S.J. Wang received his bachelor’s in electrical engineering from Zhejiang University in China and a master’s in electrical engineering from the University of Texas at Austin. The reason he chose to pursue a doctorate in chemical engineering was due in part to his work at IM Flash, a semiconductor manufacturing company based in Lehi where many of the processes are related to chemical engineering. A colleague of Wang’s highly recommended University of Utah chemical engineering professor Mikhail Skliar because Skliar had been conducting control system research at the time Wang was a control engineer. This made it a perfect match for him to begin his research with Skliar.

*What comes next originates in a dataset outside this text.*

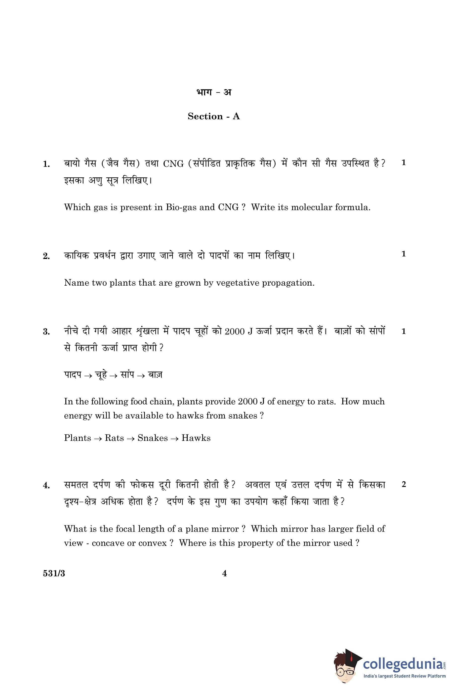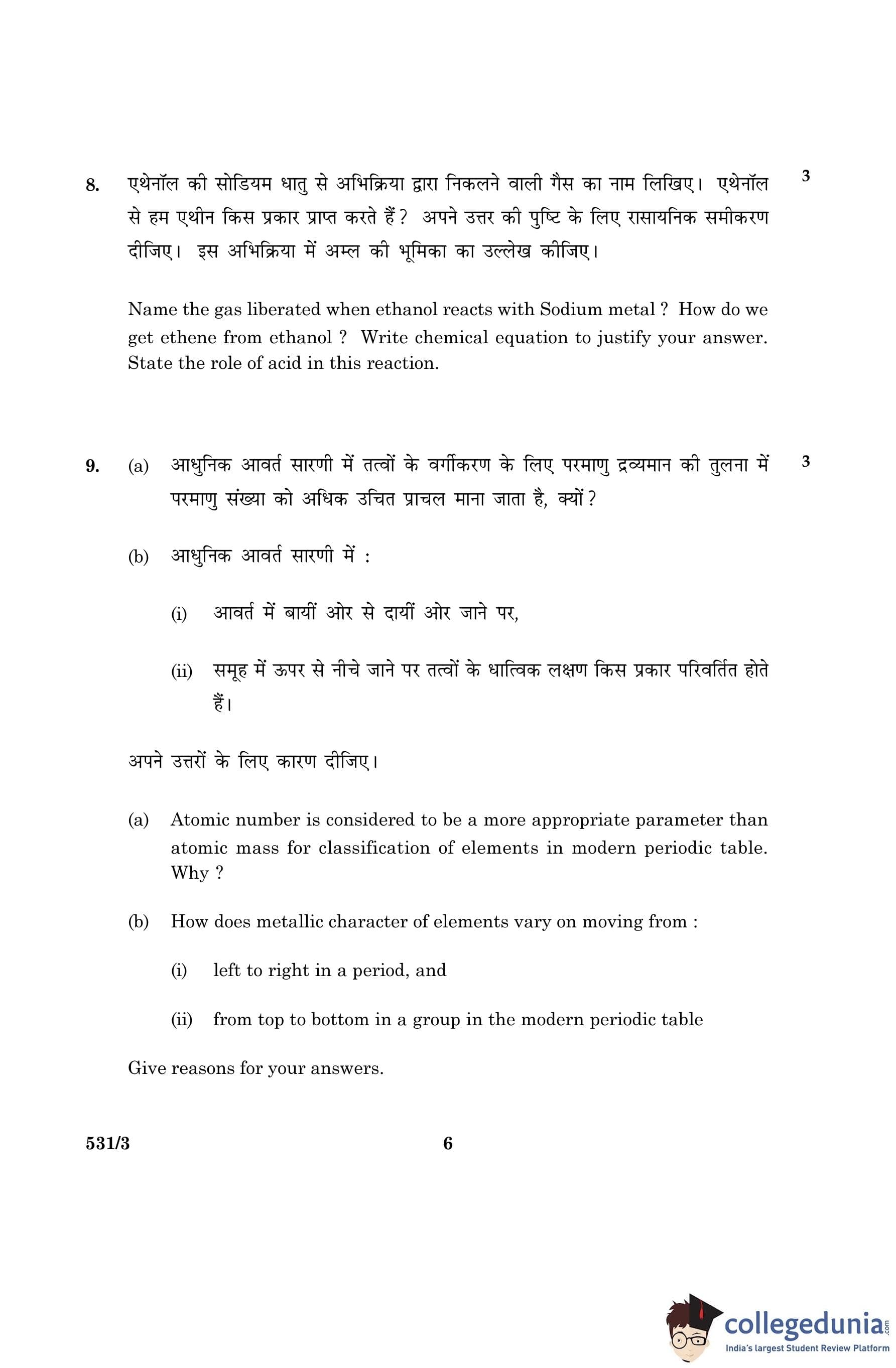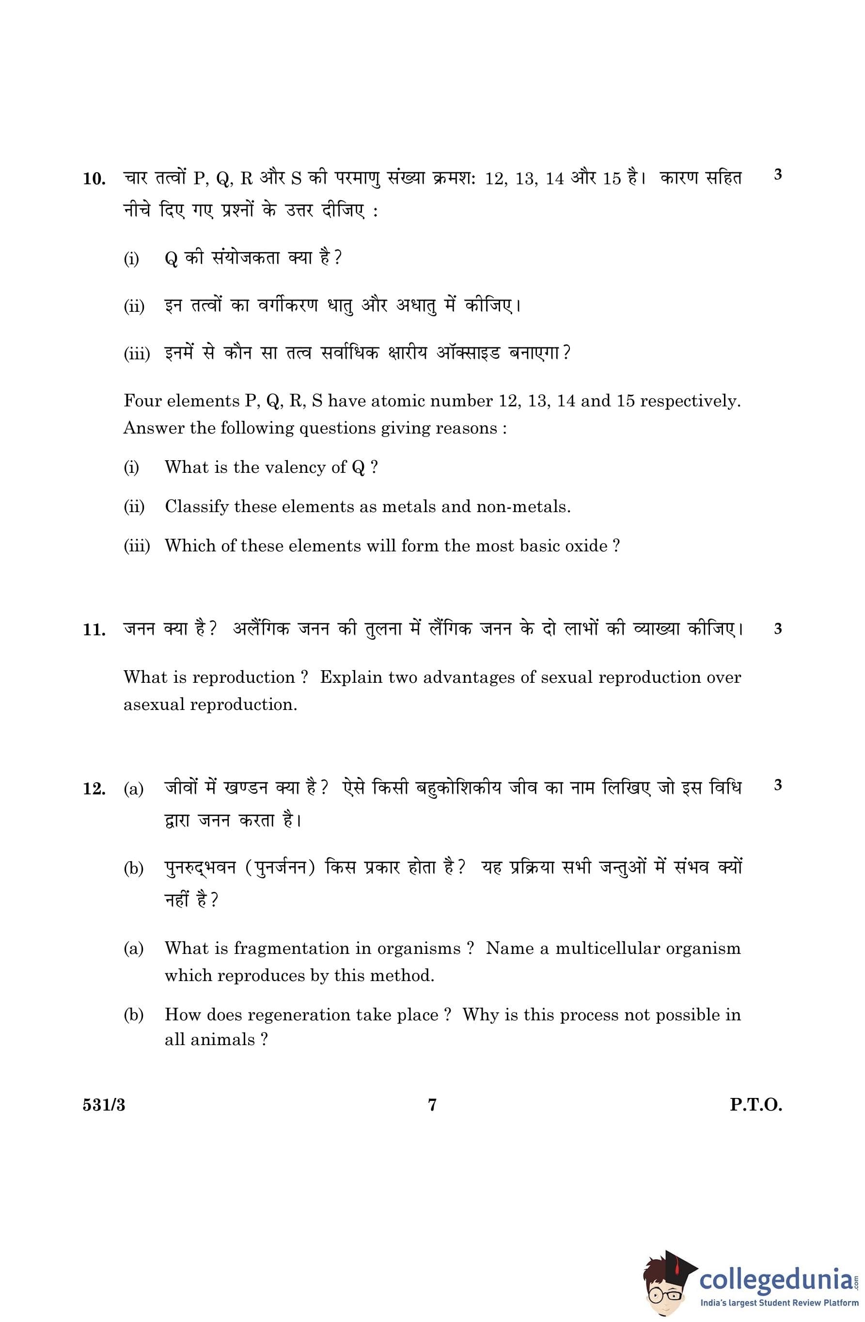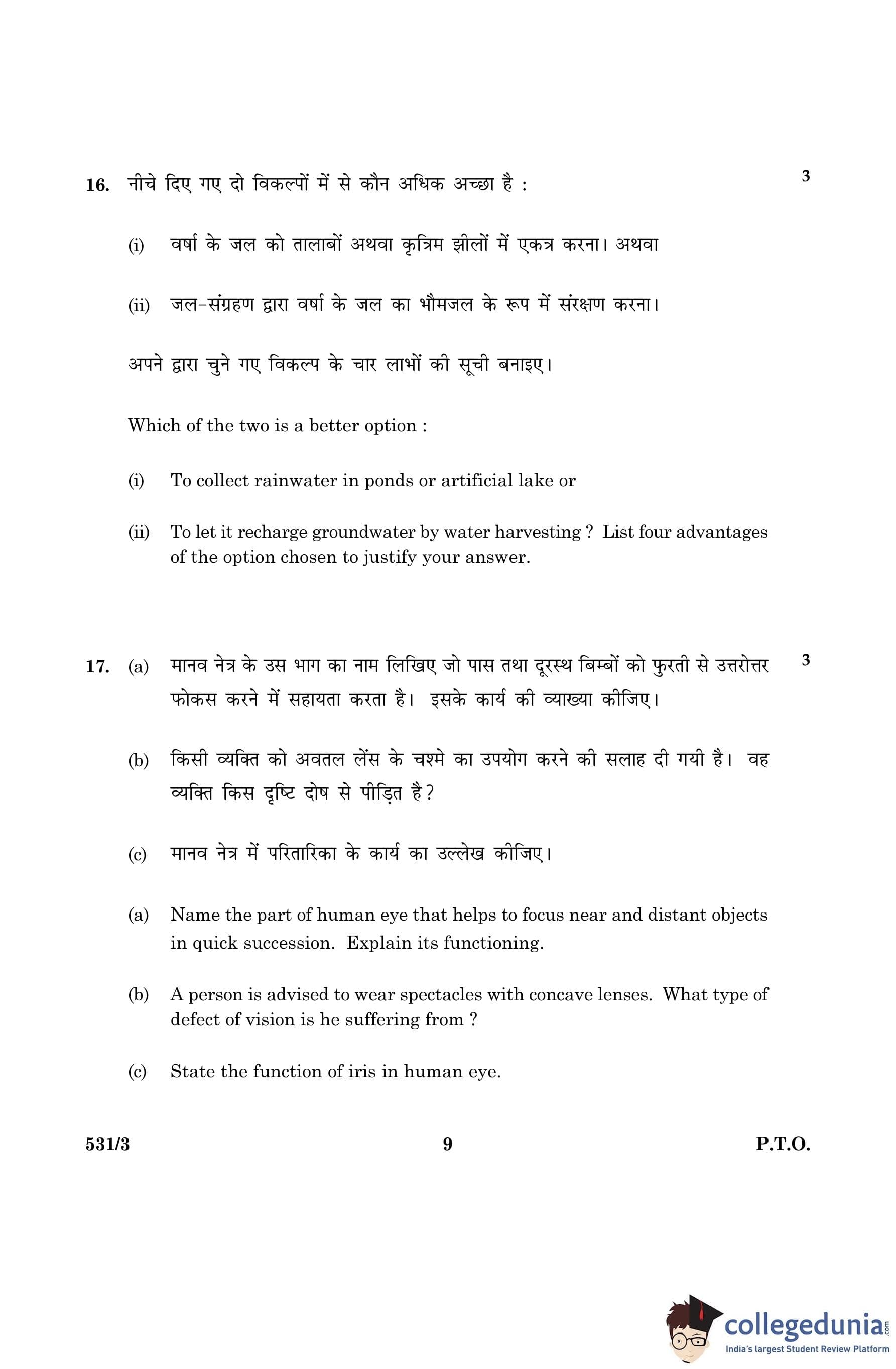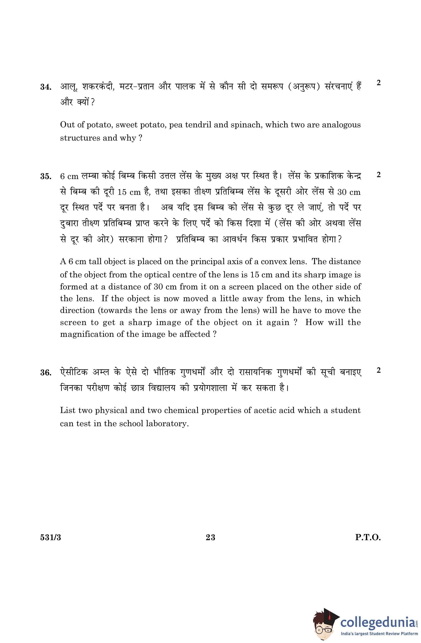 CBSE Class 10 Science Question Paper 2016 with Answer Key Set 3- 531/3 is available for download. The exam was conducted by the Central Board of Secondary Education on March 2, 2016 in the Morning Session 10:30 AM to 1:30 PM. The medium of paper was English and Hindi. The question paper comprised a total of 36 questions divided among 2 sections.
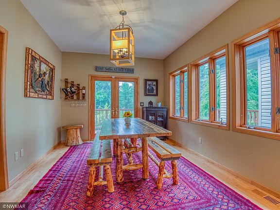 Beautiful stump lake home boasts an impressive 5 bd, 4 ba, 5700+ sq ft custom built by Richie and Olson is quite spectacular. Seller has a long list of lovely upgrades from the custom built bookshelves in the elegant Library to the new tongue & groove cedar/pine ceiling w/new ceiling beam. Enjoy main level living w/this appealing master suite includes a fireplace, sauna, new built private deck w/hot tub, an office & of course plenty of closet space. Views of the water from the living room are captivating & you’ll love the large deck facing the lake & fire pit. Bonus rooms include home office, large exercise room, large game room, secure gun/storage room & a large workshop leads to the backyard. From the new alumigrain floe dock you can take your boat/canoe/kayak to Lake Bemidji through the gorgeous Mississippi river. Come see all this ideal Lake home has offer.

As a principle engineer at IM Flash, Wang has been recognized as a worldwide expert for the control system at Micron Fab Network. His current career goal is to continuously drive the cutting-edge process control research at IM Flash and make the 3DxP memory win. 3DxP memory is a new memory product, which delivers speeds a thousand times faster than traditional NAND memory. His long-term goal, however, is to become a control expert recognized by his peers in the industry. Wang says he appreciates that the chemical engineering department provided him with an excellent remote program that offered a part-time graduate student like himself the opportunity to use the latest technology. Not only was he afforded the opportunity to complete his doctorate while continuing to work full-time at IM Flash, but he was also able to turn his doctoral research into a real-world application at his company. The developed controller is the first known implementation of model-based, non-threaded R2R control strategy that was successfully deployed in the high-volume semiconductor fabrication facility (Fab). In the other research, the virtual metrology (VM) is the first known application where VM is integrated into Run-to-Run control successfully in the real production environment, and this application alone saves the company $300,000 per process, per year.
During his time at the University of Utah, Wang was selected to be the chair for virtual metrology at the APC Conference XXVI in 2014, an international conference focused on advanced process control topics related to his research.
Along with the rewards, Wang also encountered a lot of difficulties and roadblocks during his research, but he did not quit. His advice for new doctoral students is: “You need to learn how to break down the big problem into pieces and then solve the smaller ones. The interesting thing you will find out is that the harder you are challenged, the closer you are to reaching the breakthrough.”
Wang enjoys fishing and playing soccer and will hopefully be able to participate in these activities more frequently now that he has graduated.